▶ **Provided records**
= Beginning of Section =

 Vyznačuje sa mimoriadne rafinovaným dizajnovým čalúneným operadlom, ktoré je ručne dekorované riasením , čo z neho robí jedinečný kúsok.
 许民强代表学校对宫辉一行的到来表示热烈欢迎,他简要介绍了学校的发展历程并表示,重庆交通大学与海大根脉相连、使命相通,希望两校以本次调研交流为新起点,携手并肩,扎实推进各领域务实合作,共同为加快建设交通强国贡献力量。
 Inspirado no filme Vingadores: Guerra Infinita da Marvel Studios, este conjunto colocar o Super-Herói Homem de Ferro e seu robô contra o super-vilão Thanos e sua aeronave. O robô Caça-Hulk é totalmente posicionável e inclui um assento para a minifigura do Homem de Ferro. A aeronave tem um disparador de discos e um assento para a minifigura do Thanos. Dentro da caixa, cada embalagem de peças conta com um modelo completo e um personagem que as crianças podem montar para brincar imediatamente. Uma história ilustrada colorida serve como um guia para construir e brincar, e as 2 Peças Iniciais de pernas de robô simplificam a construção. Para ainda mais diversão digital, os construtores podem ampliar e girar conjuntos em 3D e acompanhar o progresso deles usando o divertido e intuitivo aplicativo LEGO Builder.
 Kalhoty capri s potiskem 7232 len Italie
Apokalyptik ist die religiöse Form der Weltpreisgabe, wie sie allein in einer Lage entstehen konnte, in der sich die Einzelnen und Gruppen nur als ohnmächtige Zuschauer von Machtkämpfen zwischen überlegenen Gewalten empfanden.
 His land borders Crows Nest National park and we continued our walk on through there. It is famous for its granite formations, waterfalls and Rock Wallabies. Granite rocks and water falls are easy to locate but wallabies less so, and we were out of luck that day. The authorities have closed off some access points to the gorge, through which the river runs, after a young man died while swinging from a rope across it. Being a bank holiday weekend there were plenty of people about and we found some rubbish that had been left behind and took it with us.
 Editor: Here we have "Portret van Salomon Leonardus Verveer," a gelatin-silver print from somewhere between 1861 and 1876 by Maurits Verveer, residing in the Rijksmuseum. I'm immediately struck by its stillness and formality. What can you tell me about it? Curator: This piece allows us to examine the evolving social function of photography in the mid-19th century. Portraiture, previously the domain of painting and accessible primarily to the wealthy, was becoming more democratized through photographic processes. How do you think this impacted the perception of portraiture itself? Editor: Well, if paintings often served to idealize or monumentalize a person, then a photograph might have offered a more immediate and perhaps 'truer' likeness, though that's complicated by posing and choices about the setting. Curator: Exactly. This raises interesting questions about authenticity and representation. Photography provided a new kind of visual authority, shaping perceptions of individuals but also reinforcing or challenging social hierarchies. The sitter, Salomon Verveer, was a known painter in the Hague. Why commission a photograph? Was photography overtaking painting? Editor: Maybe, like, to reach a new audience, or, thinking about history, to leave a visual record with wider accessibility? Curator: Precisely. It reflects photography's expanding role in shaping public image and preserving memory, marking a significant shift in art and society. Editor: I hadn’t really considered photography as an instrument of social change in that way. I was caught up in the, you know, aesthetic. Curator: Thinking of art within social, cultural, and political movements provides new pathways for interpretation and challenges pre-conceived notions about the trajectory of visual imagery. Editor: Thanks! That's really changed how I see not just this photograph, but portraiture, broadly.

= End of Section =
= Beginning of Section =

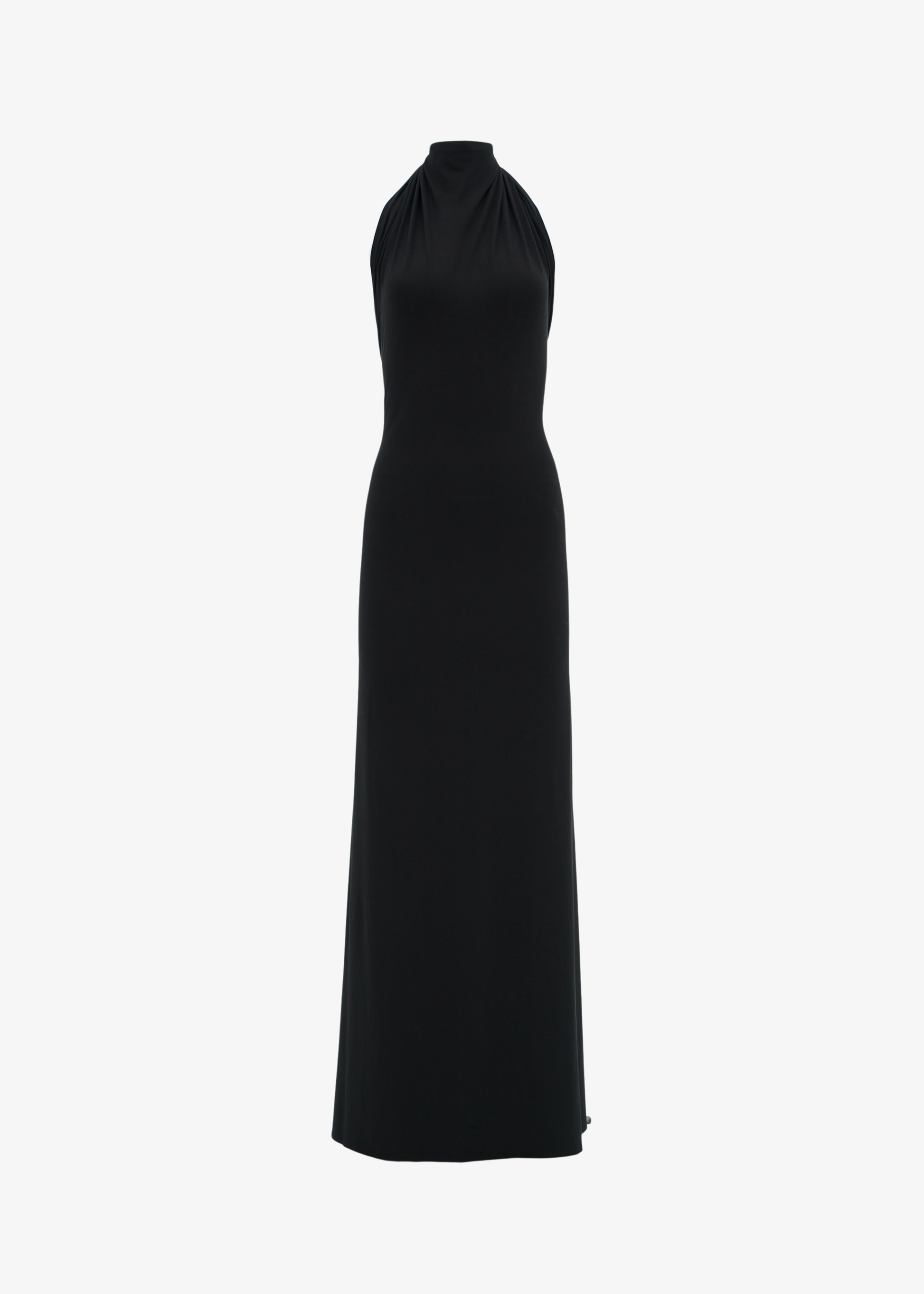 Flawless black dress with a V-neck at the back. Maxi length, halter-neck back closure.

= End of Section =
= Beginning of Section =

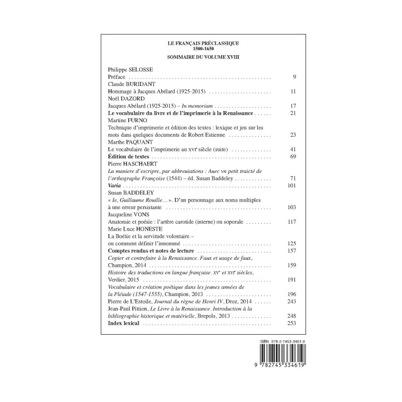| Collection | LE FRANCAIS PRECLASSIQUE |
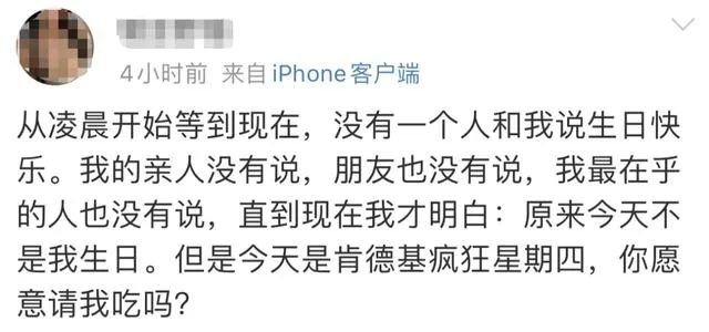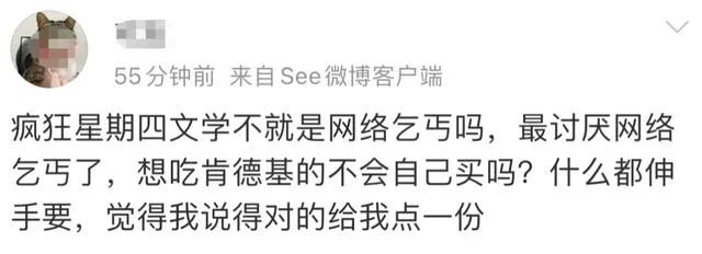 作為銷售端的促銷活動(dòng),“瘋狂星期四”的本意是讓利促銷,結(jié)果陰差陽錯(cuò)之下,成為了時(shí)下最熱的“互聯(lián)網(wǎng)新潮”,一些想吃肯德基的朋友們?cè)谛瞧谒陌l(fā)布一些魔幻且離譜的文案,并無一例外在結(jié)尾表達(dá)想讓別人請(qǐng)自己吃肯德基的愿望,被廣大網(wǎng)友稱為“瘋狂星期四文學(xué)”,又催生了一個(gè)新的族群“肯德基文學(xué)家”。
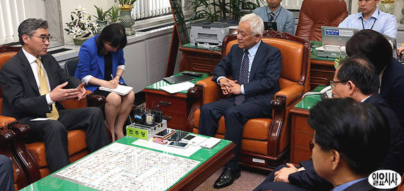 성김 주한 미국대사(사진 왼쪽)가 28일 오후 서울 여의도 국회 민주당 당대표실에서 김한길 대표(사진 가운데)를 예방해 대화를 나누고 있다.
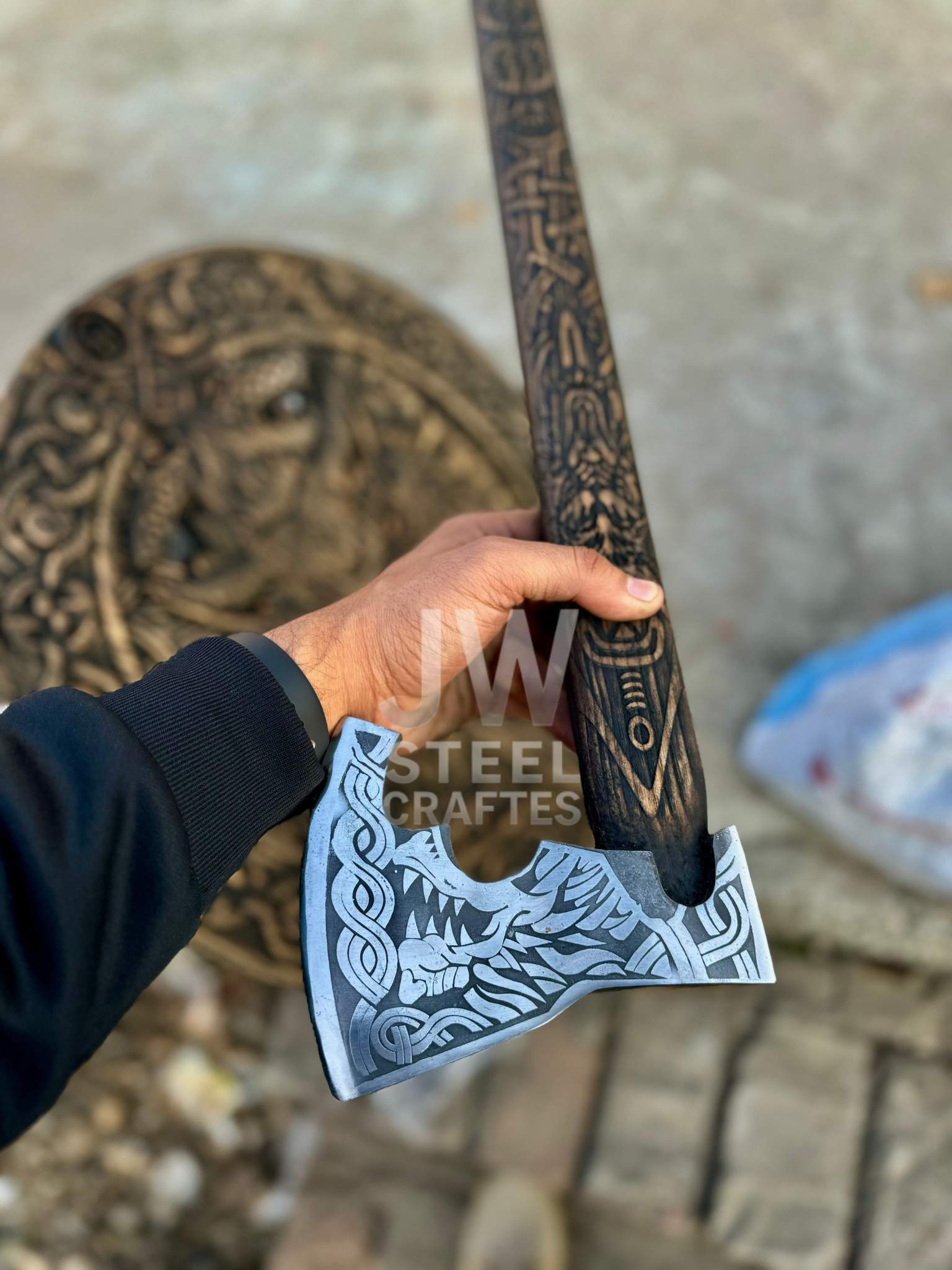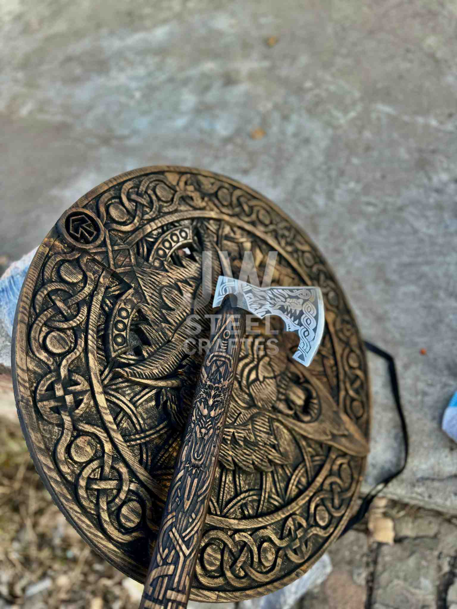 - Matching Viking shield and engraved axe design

= End of Section =

▶ **Exercise brief**
There is a run of lines above from the one with "Vyznačuje sa mimoriadne" to the one with "许民强代表学校对宫辉一行的到"; print exactly that run, both ends included, and nothing else.

▶ **Written reply**
 Vyznačuje sa mimoriadne rafinovaným dizajnovým čalúneným operadlom, ktoré je ručne dekorované riasením , čo z neho robí jedinečný kúsok.
 许民强代表学校对宫辉一行的到来表示热烈欢迎,他简要介绍了学校的发展历程并表示,重庆交通大学与海大根脉相连、使命相通,希望两校以本次调研交流为新起点,携手并肩,扎实推进各领域务实合作,共同为加快建设交通强国贡献力量。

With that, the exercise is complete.